» **What is being asked**
Among the lines below, copy exactly those from the one with "当然了,在网络里面就要变通一" through the one with "In the second", counting both ends.

» **Input data**

- - - -

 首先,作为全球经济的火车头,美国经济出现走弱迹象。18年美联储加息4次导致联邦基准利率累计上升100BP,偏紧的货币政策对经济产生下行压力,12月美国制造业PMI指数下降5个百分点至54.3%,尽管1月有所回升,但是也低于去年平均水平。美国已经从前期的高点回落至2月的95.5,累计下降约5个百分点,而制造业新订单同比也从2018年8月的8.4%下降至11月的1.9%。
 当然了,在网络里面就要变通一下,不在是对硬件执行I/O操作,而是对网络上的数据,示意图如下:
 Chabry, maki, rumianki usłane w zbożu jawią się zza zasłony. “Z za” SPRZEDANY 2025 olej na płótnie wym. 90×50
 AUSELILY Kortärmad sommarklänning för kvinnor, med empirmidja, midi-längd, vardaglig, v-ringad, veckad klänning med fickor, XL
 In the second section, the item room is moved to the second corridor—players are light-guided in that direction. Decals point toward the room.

- - - -

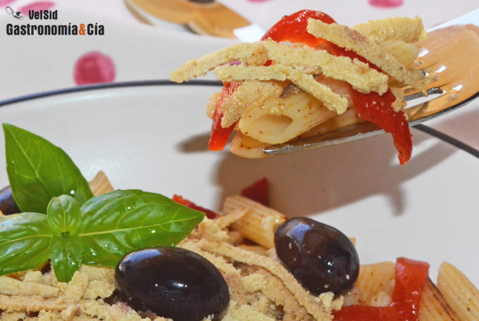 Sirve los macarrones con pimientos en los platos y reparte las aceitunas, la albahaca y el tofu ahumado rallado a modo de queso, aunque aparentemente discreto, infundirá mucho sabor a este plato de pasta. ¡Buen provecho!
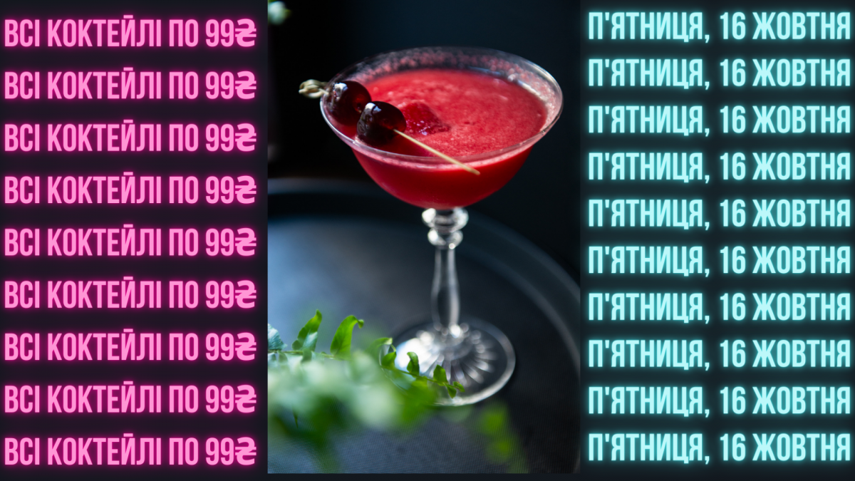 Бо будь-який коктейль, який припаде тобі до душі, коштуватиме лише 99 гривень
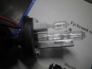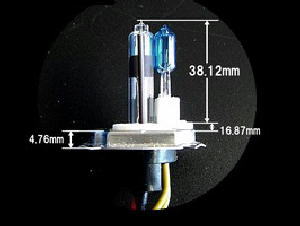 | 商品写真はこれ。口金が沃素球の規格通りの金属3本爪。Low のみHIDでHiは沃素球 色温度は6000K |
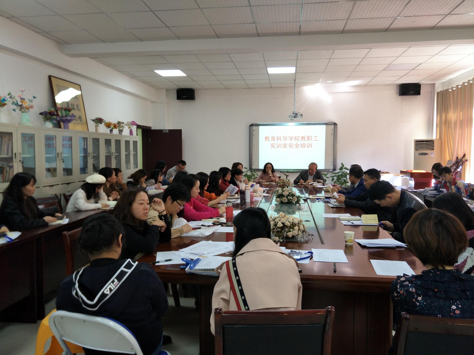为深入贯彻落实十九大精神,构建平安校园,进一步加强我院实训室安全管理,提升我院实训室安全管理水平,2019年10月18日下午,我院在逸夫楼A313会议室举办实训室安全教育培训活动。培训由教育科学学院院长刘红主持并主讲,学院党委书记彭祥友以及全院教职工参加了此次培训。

- - - -

» **Answer to the exercise**
 当然了,在网络里面就要变通一下,不在是对硬件执行I/O操作,而是对网络上的数据,示意图如下:
 Chabry, maki, rumianki usłane w zbożu jawią się zza zasłony. “Z za” SPRZEDANY 2025 olej na płótnie wym. 90×50
 AUSELILY Kortärmad sommarklänning för kvinnor, med empirmidja, midi-längd, vardaglig, v-ringad, veckad klänning med fickor, XL
 In the second section, the item room is moved to the second corridor—players are light-guided in that direction. Decals point toward the room.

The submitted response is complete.